So what's number eight then?
It's from the 6th of April,
and it's The Denim Tracts, series four, episode 39.
This was an ABK special, right?
All I've got in my notes is the phrase,
brinkie my nutty cock.
And I don't know why either.
It was also recommended because it features your King Arthur spaceship theory.
Is that the King Arthur spaceship episode?
That was, yeah, I remember getting very excited about the idea
that something was a spaceship, but that's all I can remember.
It was King Arthur was a spaceship.
That should be a film.
Come on, make the King Arthur spaceship film.
Come on.
King Arthur's Spaceship, the movie.
Don't make me brink you my nutty cock.
Do it.
Can you use it as a threat?
I don't know.
I don't know.
We'll find out, I guess.
I'm going to play the clip.
And I'm sure we will return to the denim tracks in a future episode
because there's loads of stuff in there,
but I have selected some choice cuts.
Double denim?
We're going to have double denim at some point.
Don't get to the...
I have come up with those categories for the scores yet.
Okay.
Save it.
I can't help or I'm thinking of the actor Denim Elliot. I am visualising Denim
Elliot, yes, even though, again, it's spelt differently. What's he wearing? Quintuple denim,
which is a jacket, trousers, pants, a denim tie and hat.

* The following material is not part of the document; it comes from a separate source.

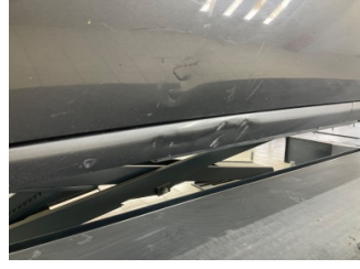
Marşbiyel, sol, Marşbiyel, sol > Ezik
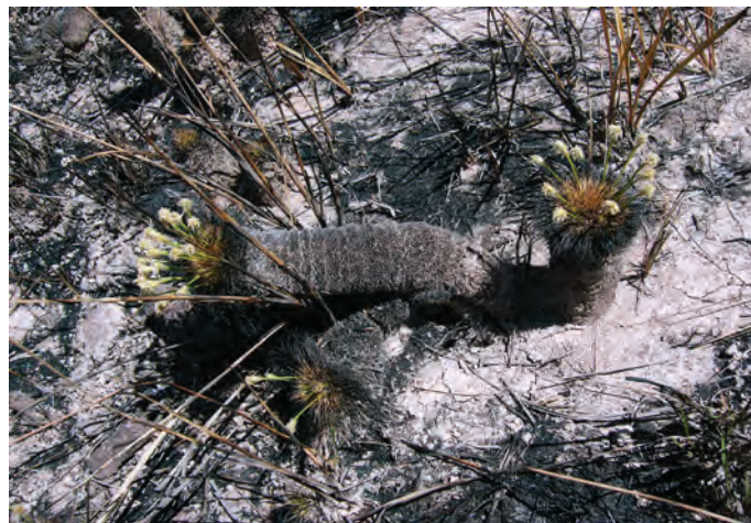
Figura 05: Bulbostyles paradoxa . Espécie resistente ao fogo.

de 9 km, cerca de quatro horas até o pé do monumental Monte, que passa pelo acampamento na base no sopé, nesta caminhada é possível ver a espécie vegetal resistente ao fogo, a Bulbostylis paradoxa (CYPERACEAE) e a (RAPATEACEAE) parente da Africana “Estegolepsy”.

I've got a nursery rhyme for you, but I'm afraid it falls into a category that we occasionally
touch upon in this podcast,
which is things that aren't rude,
but nonetheless,
to the modern ear,
and I know you have at least one of those, James.
I do.
Sound rude.
Oh.
All right.
But I don't want to get us cancelled.
Okay.
Also, I've no idea
what any of this means.
So this is one of the nursery rhymes
he collected.
Brinky my nutty cock.
Oh.
Brink him away. My nutty nutty cock. Brink him away.
My nutty cock's never been brinked
today. What we're carding
and spinning on't we'll, we've never
had time to brink nutty cock we'll.
But let tomorrow come
ever so soon, my nutty
cock, it shall be brinked by noon.
And he's
saying this to kids? Yep, that's a nutty
Come on, kids!
Gather round and hear about this guy's nutty cock.
Let's get Brank in.
Brank appears to be a verb.
It's something that you can do to the nutty cock.
I don't know what it is.
But he's not had it branked well today.
Yeah, he certainly hasn't, but tomorrow should be sorted by noon.

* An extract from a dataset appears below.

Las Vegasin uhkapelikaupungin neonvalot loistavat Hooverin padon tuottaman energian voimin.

I believe nutty cock is a term of endearment,
according to the footnote.
Good. It had better not be a threat,
yeah.
Following the faith that the
entrance to King Arthur's Hall was now discovered,
he cleared the briary portal of its weeds and
rubbish, and entering a vaulted passage followed
in his darkling way the
thread of his clue. The floor was
infested with toads and lizards,
and the dark wings of bats,
disturbed by his unhallowed intrusion,
flitted fearfully about him.
At length his sinking courage was strengthened
by a dim distant light,
which as he advanced grew gradually brighter,
till at once he entered a vast and vaulted hall
in the centre of which a fire without fuel
from a broad crevice in the floor
blazed with a high and lambent flame,
that showed all the carved walls and fretted roof and the monarch and his queen and court
reposing around in a theatre of thrones and costly couches. It sounds a bit like an SES showroom.
Yeah. On the floor beyond the fire lay the faithful and deep-toned pack of thirty couple
of hounds. Is thirty couple sixty?
I don't know.
No, I don't know.
I've never heard the phrase.
And on a table before it,
the spell-dispelling horn, sword, and garter.

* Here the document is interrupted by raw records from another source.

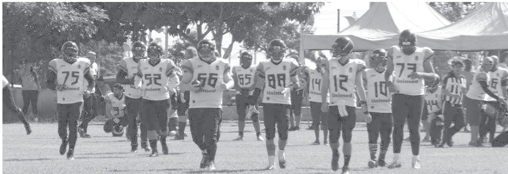
Equipe do Paraíso Miners está de volta aos campos para temporada 2018 do futebol americano

Depois da conquista do vice campeonato da Copa Mogiana de Futebol Americano, a equipe do Paraíso Miners iniciou no sábado, 24, a temporada de jogos de 2018. A equipe paraense foi a Pousa Alegre enfrentar o Gladiadores que venceu por 36 a 0 no primeiro amistoso do ano. O Miners segue em preparação para a disputa do Campeonato Mineiro que será disputado em março.
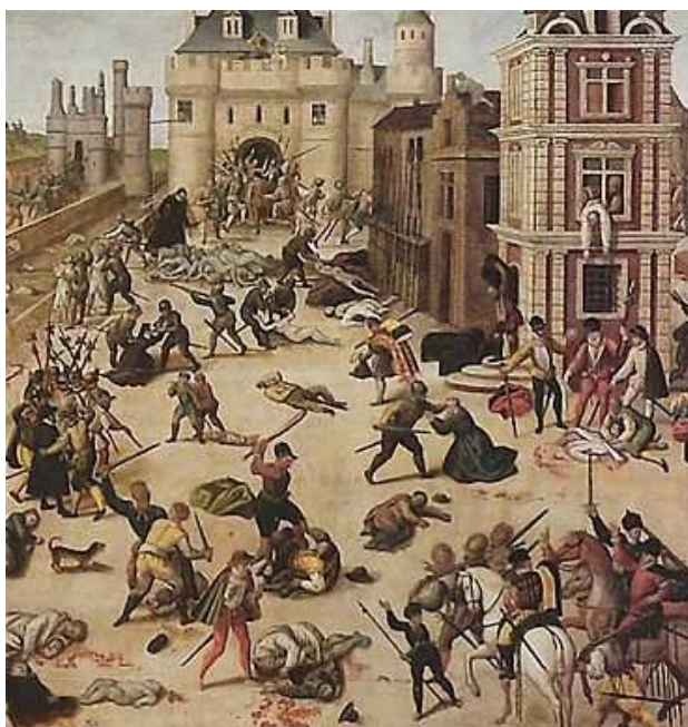
Massacre de la Saint-Barthélémy

Un article de Wikipédia, l'encyclopédie libre.
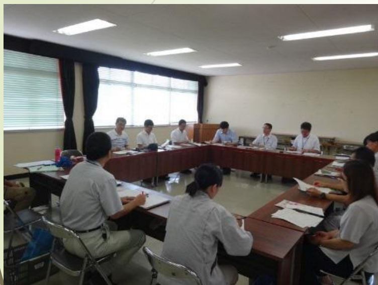
全体の打ち合わせ状況

The shepherd reverently but firmly grasped the sword,
and as he drew it leisurely from its rusty scabbard,
the eyes of the monarch and his courtiers began to open.
It doesn't make that noise.
I've just added that.
No, okay.
And they rose till they sat upright.
He cut the garter, and as the sword was being slowly sheathed,
the spell assumed its ancient power,
and they all gradually sank to rest,
but not before the monarch had lifted up his eyes and hands and exclaimed,
Oh, woe betide that evil day on which this witless wight was born,
who drew the sword, the garter cut, but never blew the bugle horn.
It's only supposed to blow the bugle first and then the other things.
You are supposed to do all of them.
Oh, dear.
But, James, now this is just my theory.
Yes.
Like, if you and I were adapting that, if we were making the movie of that,
do you know what that sounds like to me?
I don't think that's King Arthur's Hall.
I think that is a crashed alien spaceship that he went into.
Because don't you think the crew, all in suspended animation,
lit by a strange, you know, a heatless fire glowing,
illuminating their expensive chairs.
Yes.
Yeah, it's a crashed spaceship.
It is.
I assume when they opened their eyes, they were like, poong, glowing blue.
Are you going down the Ulysses route?
Yeah, all the bodies.
Yeah, exactly.
The way back home has been erased from my memory banks.
They're kind of floating.
Father.
You're alive, my son.
Father.
Vous êtes vivant. Anyway. You're alive, my son. Father. Vous êtes vivant.
Anyway.
Just we know.
Le petit robot.
Amé Ulysses.
This is not the first time we have said all the words we can remember from Ulysses in
both English and French on the podcast.
James, we've reached it.
We have.
Number seven.
Yes.
Which is the last one for this episode.
From the 19th of October.
Because of the obvious and normal way that we're structuring this.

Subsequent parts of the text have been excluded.